Right now, if I only filter by i.name = 'Asd'
I won't find any synonyms and if I only filter by i_syn.name = 'Asd'
I won't find anything if the search term has no synonyms. Removing the distinct
doesn't seem to change anything.
Is there just no better way or am I thinking too complicated?
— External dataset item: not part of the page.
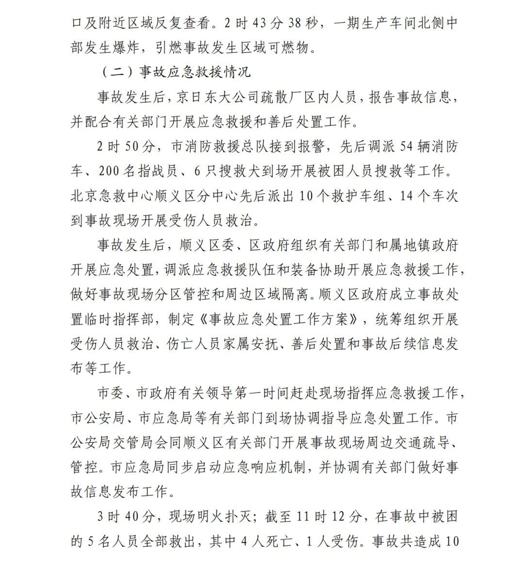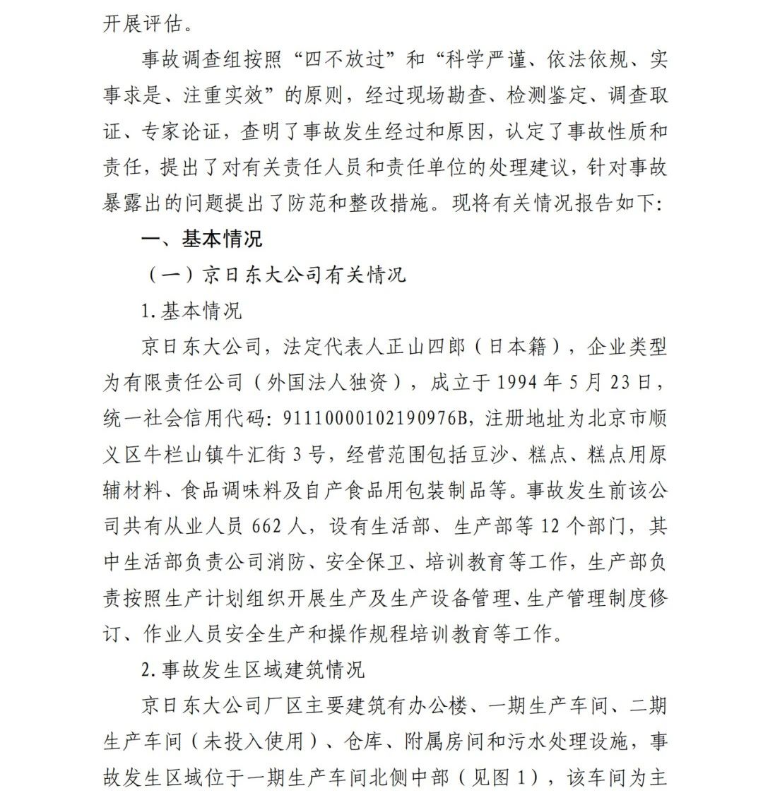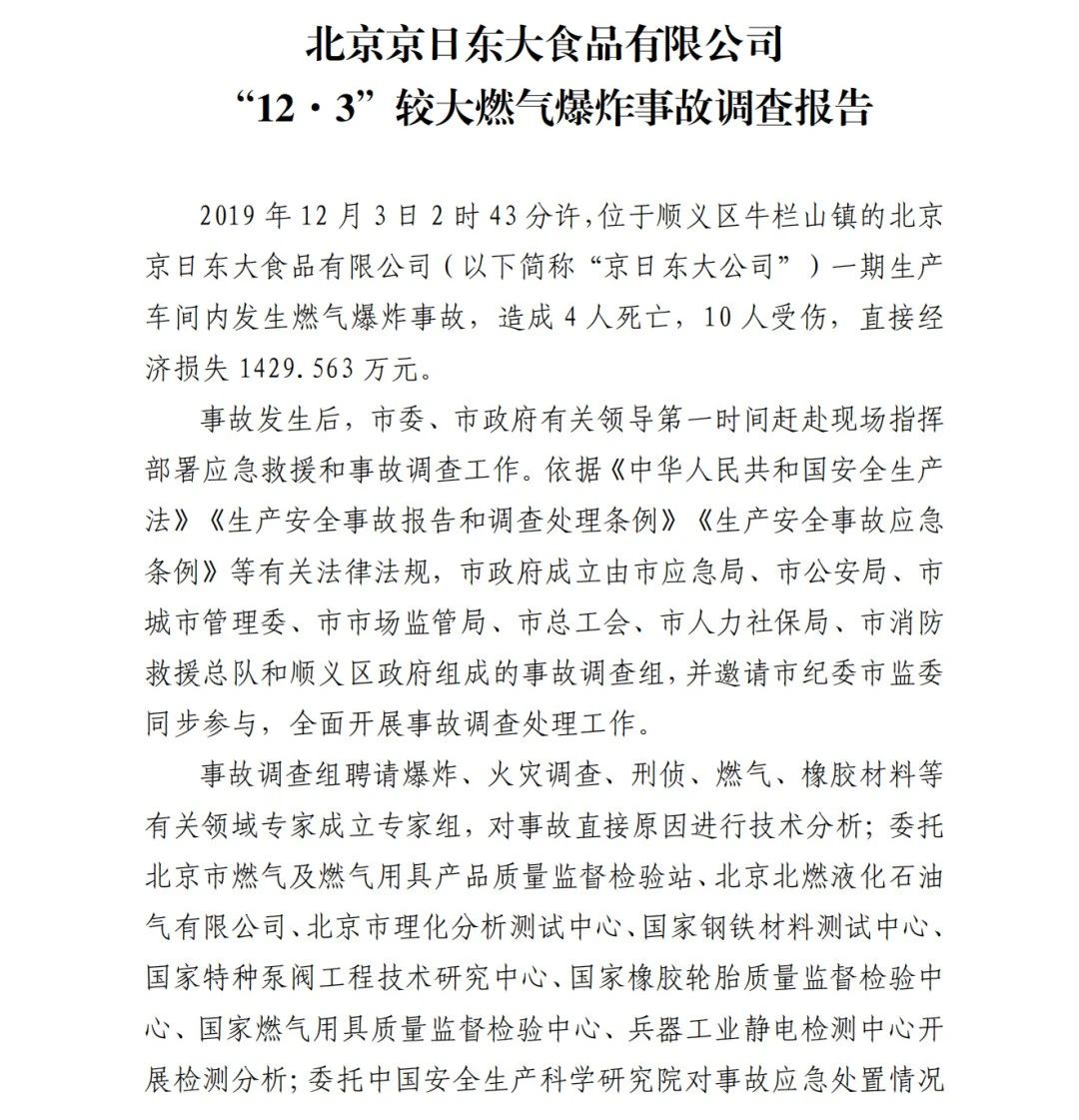 2019年12月3日2時(shí)43分許,北京順義區(qū)牛欄山鎮(zhèn)的(以下簡(jiǎn)稱(chēng)“京日東大公司”)一期生產(chǎn)車(chē)間內(nèi)發(fā)生燃?xì)獗ㄊ鹿?,造?人死亡,10人受傷,直接經(jīng)濟(jì)損失1429.563萬(wàn)元。
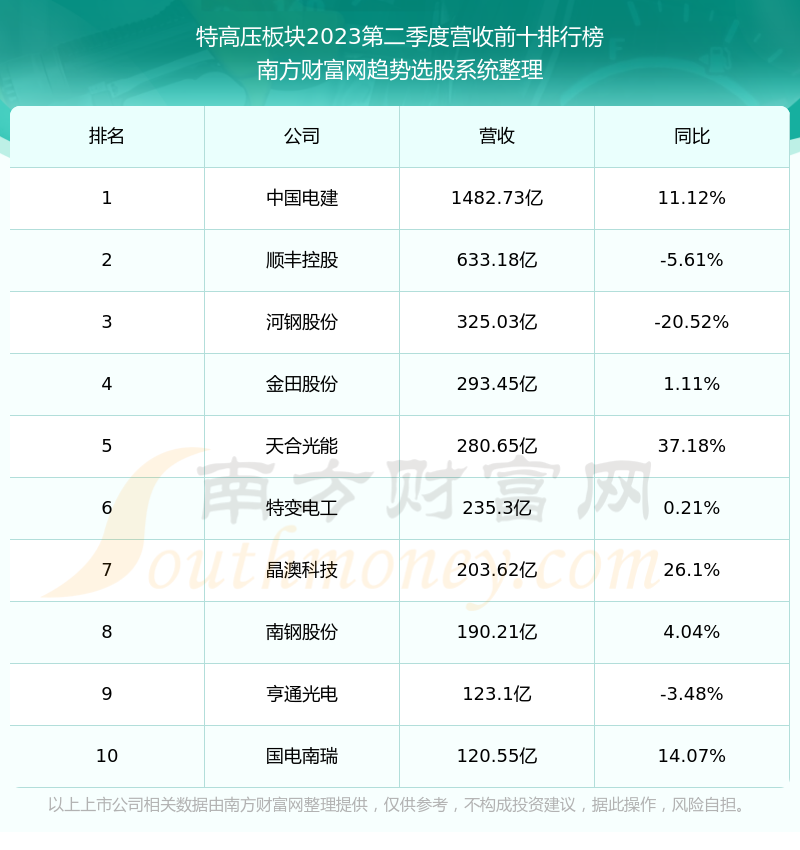 按照南方财富网趋势选股系统统计,该股所属板块为特高压板块,该板块共有145只股票,亿嘉和2023第二季度营收在该板块中排名为第129名,该板块2023第二季度营收排名前十的股票如下表:

Example data for ingredients:
id | name | synonym_group |
---|---|---|
1 | Bell Pepper | 1 |
2 | Capsicum | 1 |
3 | Egg | NULL |
4 | Sugar | NULL |
CodePudding user response:
I would establish all the ingredients in groups and not in groups where not in groups simplify by setting a group to ingredient id then join to recipe to get distinct recipe then the tables can be simply joined. This way the code doesn't care which ingredient or member of group you search on.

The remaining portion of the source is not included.